Ehlers-Danlos Syndrome Support Group

I'm not even sure I know what that is? What do they do? My genetacist was wonderful and has guided me as to how to care for myself and my family with EDS. He advised many things, but never mentioned that... Maybe I'll e-mail him and ask if I get a chance... hugs, lylajean

I am not sure if you mean Physical Therapy but I have a son who suffers from chronic joint pain and in the beginning of his PT he suffered but not he has reduced his level of fatigue immensely. I do see the positives and they do outweigh the negatives! I hope this helps:)

From what I have read the wrong kind of physical therapy can and will make EDS worse-because if the do the wrong exercises, it can stress your joints.

Physiotherapy is (to us in the USA is Physical Therapy), same thing.
I can only tell you that with me, I also have degenerative scoliosis with my EDS, I really didn't do well UNTIL my local hospital PT department put in a small pool and now I have aqua-therapy, the water is always warm and if you aren't a "swimmer" you don't need to worry because they can keep it very shallow. It helped me a lot to reduce the stress on my body by becoming bouyant, I did over do a few times and my genetic Dr had to help educate my PT people on working with me, but it's great now.
One rule of thumb, it shouldn't hurt...ever!
Take care and good luck! Konnie

hey girl, I think it depends. Yes it hepls me a lot. But then you run into finding the right person. I took us about 6 months of trial to find someone good. Talking is never bad and the right combo of meds is important, I biggest prob is getting all my docs to talk. I sat in an office last week and on my celly calle done and Chuck called an other one for me put them all on speaker so everyone knew what was going on. Good luck Robin

I have had PT that has hurt more than it has helped. Even dislocating joints while trying to do it. I am pretty sure weight training therapy is out. But my TENS unit helps hurting joints immensely.
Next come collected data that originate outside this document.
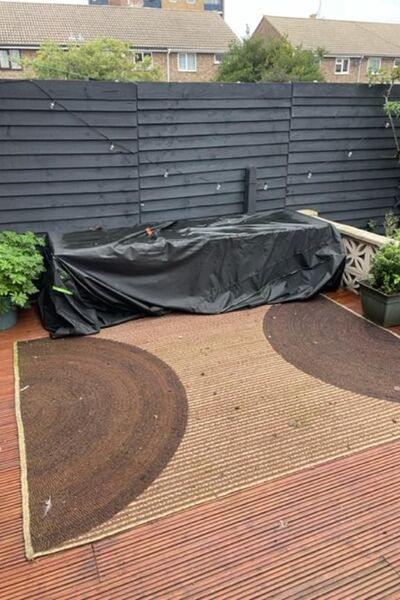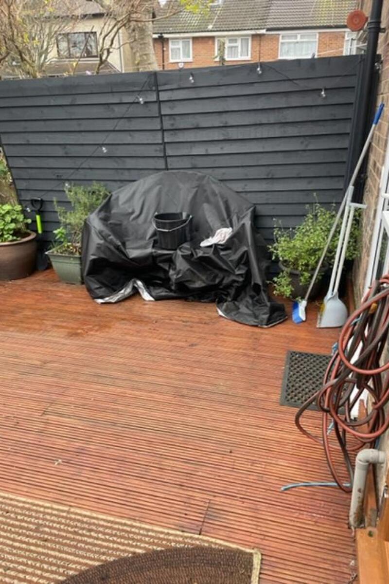 A a garage with electric wired in backs onto the garden with a large patio a shed and garden furniture for 12 people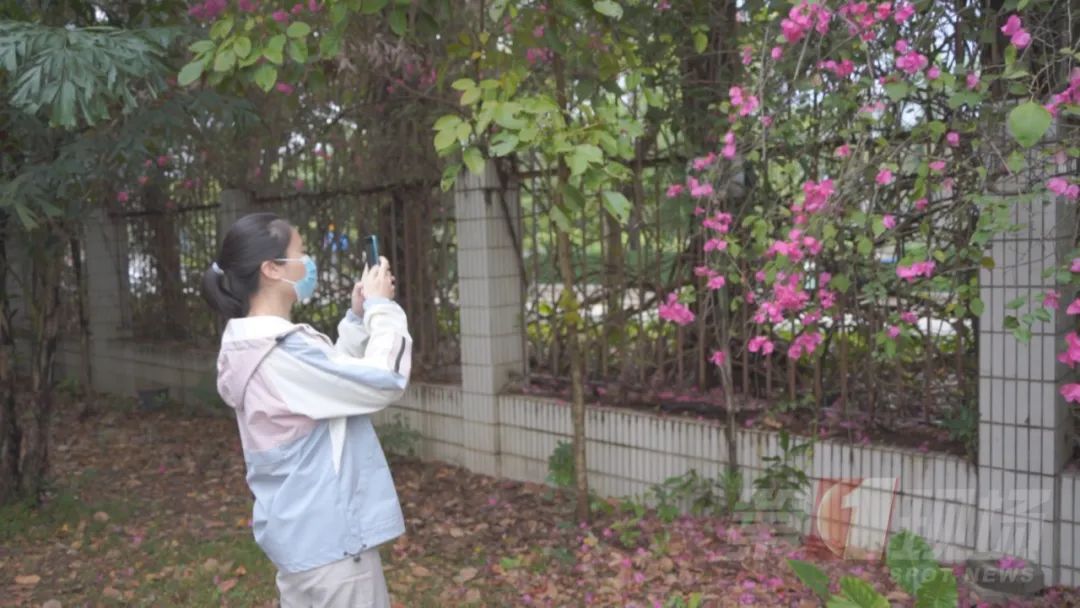 到树丛中赏花拍照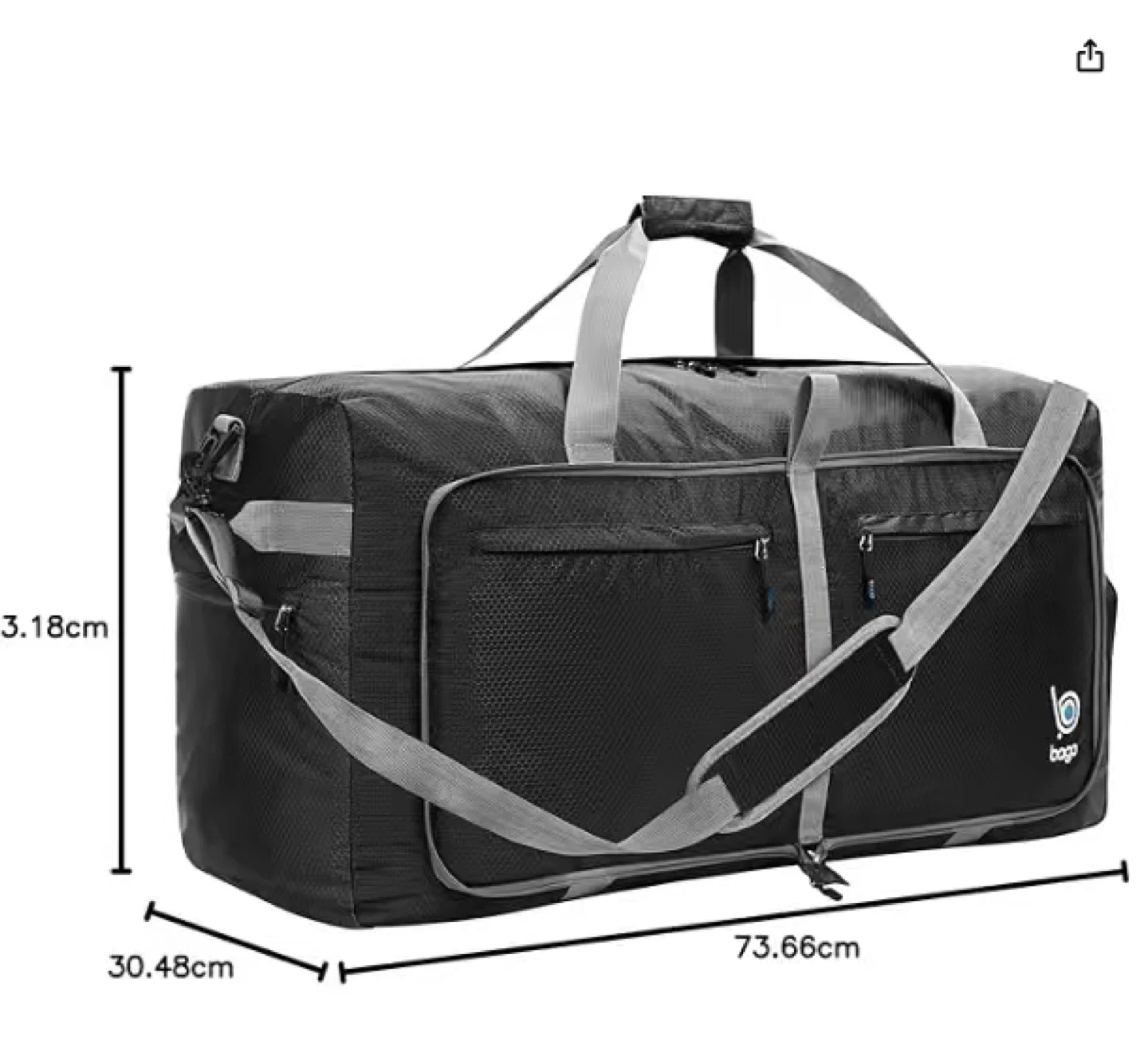 This Bago duffel bag is made with water-resistant fabrics. It has a large 100L capacity and comes with a padded shoulder strap. The bag includes side, front, and internal pockets for organization, plus a separate compartment for shoes or laundry.

i've got EDS3 but its cross with vascular. any way. i use to do physio but we found that it only worsened for me. i only do the physio when i have injuried myself. when i did my ankle and spent 7 months in a cast i had to do physio to loosen it but i did 4 sessions an the physio said she could no longer help me. i think if you find someone who understands eds (which in my personal experience is very hard here in Oz any way) then you have a great chance that it may help you. i did find a physio who was great help for my elbow which has only dislocated once since i've been seeing her! an thats a massive improvement. however it does not really reduce my pain. but physio is different an works differently for everyone. my friend who has eds as well cant do physio with out dislocating or breaking something. so like i said its different for everyone.

I'm new here...
I hav'e not had good experiences with physiotherapists. They all say the same kind of thing: Whatever your last physio told you to do is completely wrong, but my exercises will cure your pain in no time! Before I was diagnosed by EDS type 3, I got 4 different diagnoses from 4 different physios. One of them, who was highly respected in Vancouver, BC, damaged my sciatic nerve. The most dramatic improvement I have ever made was when I had a bad case of pneumonia and stopped doing any physio exercises for 3 months.
None of the physios I saw were specialists in EDS so your experience may be more positive.